There are two types of cell-based treatments for cartilage defects: autologous chondrocyte implantation (ACI) and mesenchymal stem cell (MSC)-based therapy. (6) ACI involves the preparation of chondrocytes from an intact region of the cartilage and their culture-expansion and transplantation by surgery. This technique involves a two-step surgical procedure: one for collecting the tissue and the other for the transplantation of the cells. Moreover, obtaining a sufficient number of chondrocytes from the tissue biopsies is challenging; therefore, in vitro expansion of the cells is inevitable. It has been reported that chondrocytes expanded in culture gradually undergo dedifferentiation and loose morphological features as well as specialized functions. (7)
Considering the drawbacks associated with chondrocytes and in the search for better cell source, MSCs have been found a suitable candidate for application in cartilage regeneration thanks to their extensive self-renewal property and chondrogenic differentiation capacity. (8,9) MSCs were first described by Fridenstein et al. (10,11) from bone marrow tissue as colonogenic fibroblastic cells capable of producing bone and cartilage-like tissues in culture. There are two fundamental parameters that must be provided in culture in order to induce MSCs towards cartilage differentiation; these include close interaction between the cells and the presence of chondrogenic inducers in the culture medium. (12-16)
In cell-based treatment of tissue defects, one strategy is to transplant fully-differentiated cells into the injured site. For this reason, the subject of the optimization of MSC chondrogenic differentiation is of particular importance. (17) Some investigations have indicated that the differentiation of MSCs into cartilage cells occurs following the activation of certain signaling pathways, particularly the Wnt (wingless type) pathway. One key molecular regulator of the Wnt pathway is the glycogen synthase kinase-3 (GSK-3) enzyme. The inhibition of this molecule initiates the signaling pathway. (18-20) On the other hand, some investigators have reported that a small molecule referred to as BIO (6-bromoindirubin-3-oxim), derived from Tyrian purple indirubins, possesses a GSK-3-selective inhibitory function. It acts by binding on a groove between ATP and GSK-3[beta], resulting in the activation of the Wnt signaling pathway. (21)

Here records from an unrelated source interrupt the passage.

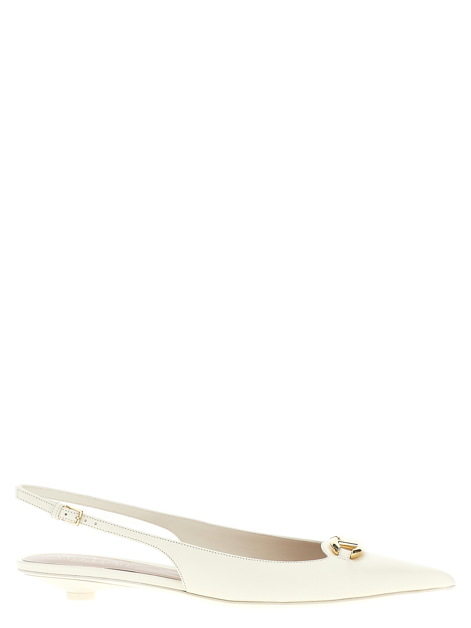 Leather slingback shoes with gold metal ‘VLogo The Bold Edition’ appliqué on the front, adjustable strap.
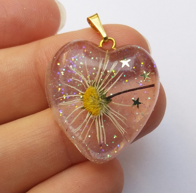 - přírodní pryskřice, sušené květy - sedmikráska, ozdoby, třpytky, bižuterní závěs.
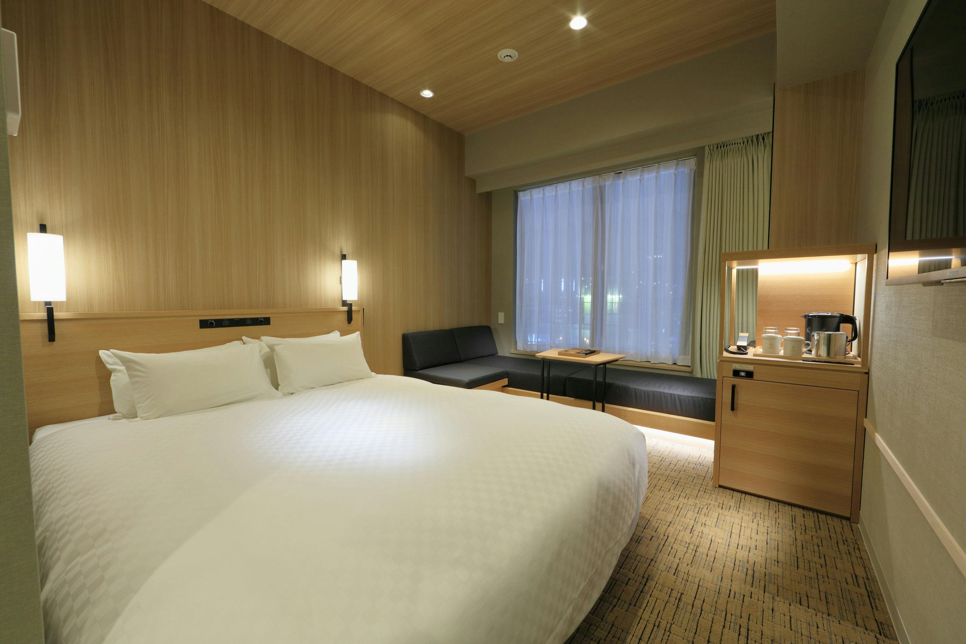 全室禁煙、ベッド幅1600mm、無料WiFi、こあがりソファ、ミニデスク、テレビ、ユニットバス、館内着、スリッパ、ミネラルウォーター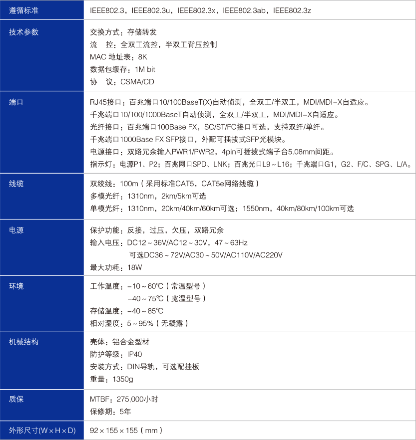 遵循IEEE802.3,IEEE802.3u, IEEE802.3ab,IEEE802.3z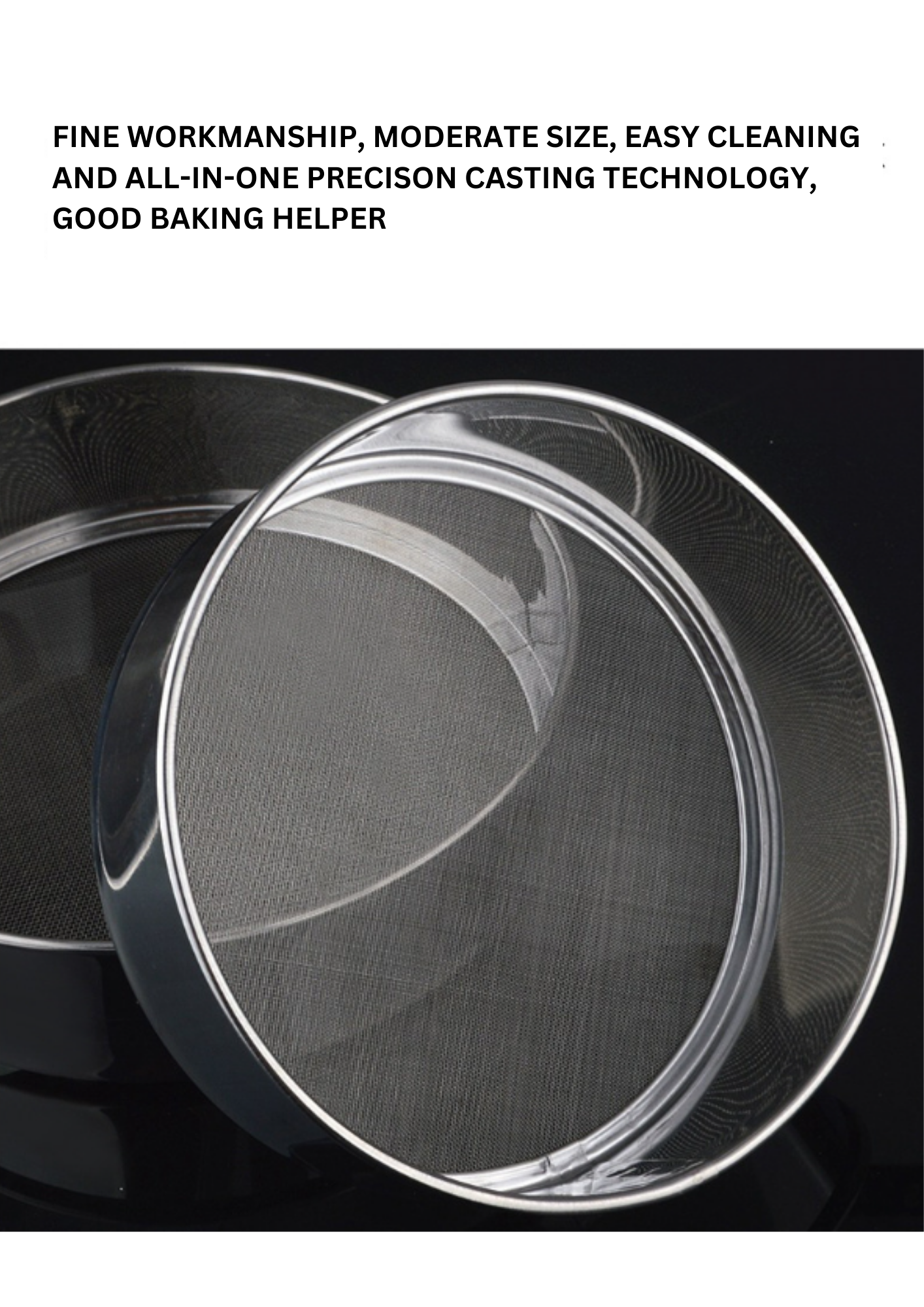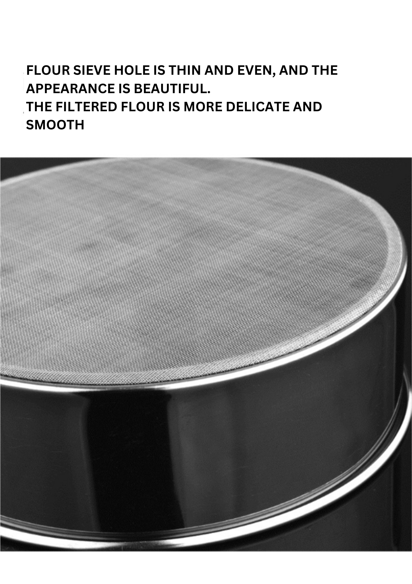 Transform your baking experience with our top-of-the-line flour sieve, designed to elevate your culinary creations. Whether you’re an avid baker or just getting started, this essential tool ensures that your flour is evenly sifted for the lightest, most delicate results. Our flour sieve features a finely mesh screen that efficiently removes lumps and aerates your flour, resulting in smoother batter and dough. The durable construction, crafted from high-quality stainless steel, guarantees long-lasting performance and easy maintenance. The ergonomic handle provides a comfortable grip and precise control, making the sifting process effortless. With its generous size, our sieve is perfect for handling large quantities of flour, sugar, or other dry ingredients, and the convenient hanging loop ensures easy storage. Designed to be dishwasher-safe, it offers hassle-free cleanup, so you can spend more time enjoying your baked goods and less time in the kitchen.

A number of investigations have so far been conducted using the Wnt-activating property of BIO. These studies have reported some interesting effects of this small molecule. Some have found that the addition of BIO into the cell culture medium results in culture protection against apoptotic changes. (22,23) Others have concluded that the presence of BIO in the culture medium enhances the growth capacity of the cultured cells. (24,25) Finally, a few studies have reported that BIO supplementation leads to the maintenance of pluripotency in embryonic stem cell culture. (26-28)

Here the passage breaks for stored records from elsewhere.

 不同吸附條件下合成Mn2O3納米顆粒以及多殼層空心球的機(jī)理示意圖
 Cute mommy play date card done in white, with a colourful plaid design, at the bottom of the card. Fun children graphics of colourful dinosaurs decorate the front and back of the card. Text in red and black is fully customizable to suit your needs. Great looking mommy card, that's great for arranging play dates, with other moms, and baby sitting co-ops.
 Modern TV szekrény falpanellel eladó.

There is no report regarding the effect of BIO on MSC in vitro chondrogenesis. The objective of the present investigation was to examine whether or not the addition of BIO into the culture medium could improve cartilage differentiation of marrow-derived MSCs.
Materials and Methods
MSCs from 10 NMRI male mice (4-8 weeks old) were studied in the current experimental study. Prior to the experiment, approval for animal use was obtained from the Ethics Committee of Royan Institute.
Bone Marrow Cell Culture
The mice were killed by cervical dislocation, and their tibia and femur were removed and transferred to the cell culture lab. Within laminar cabinet, the bone marrow was flushed out of the medullary canal using an insulin needle inserted into the clipped end of the long bones. The marrow was mixed with 5 ml DMEM (Dulbecco's Modified Eagle Medium, Gibco, Germany) containing 15% FBS (fetal bovine serum, Gibco, Germany) and 100 IU penicillin and 100 [micro]g/ml streptomycin (Gibco, Germany) and centrifuged at 400 g for 3 min. The cell pellet was suspended in DMEM, cultivated at [10.sup.6]-cells/ml in 75-cm culture flasks, and incubated in an atmosphere of 5% CO2 at 37[degrees]C. The medium was replaced twice weekly until the culture reached confluency. At this time, the cultures were subcultured with a 1:3 ratio into new culture flasks. Passaged-3 cells were used at the following experiments.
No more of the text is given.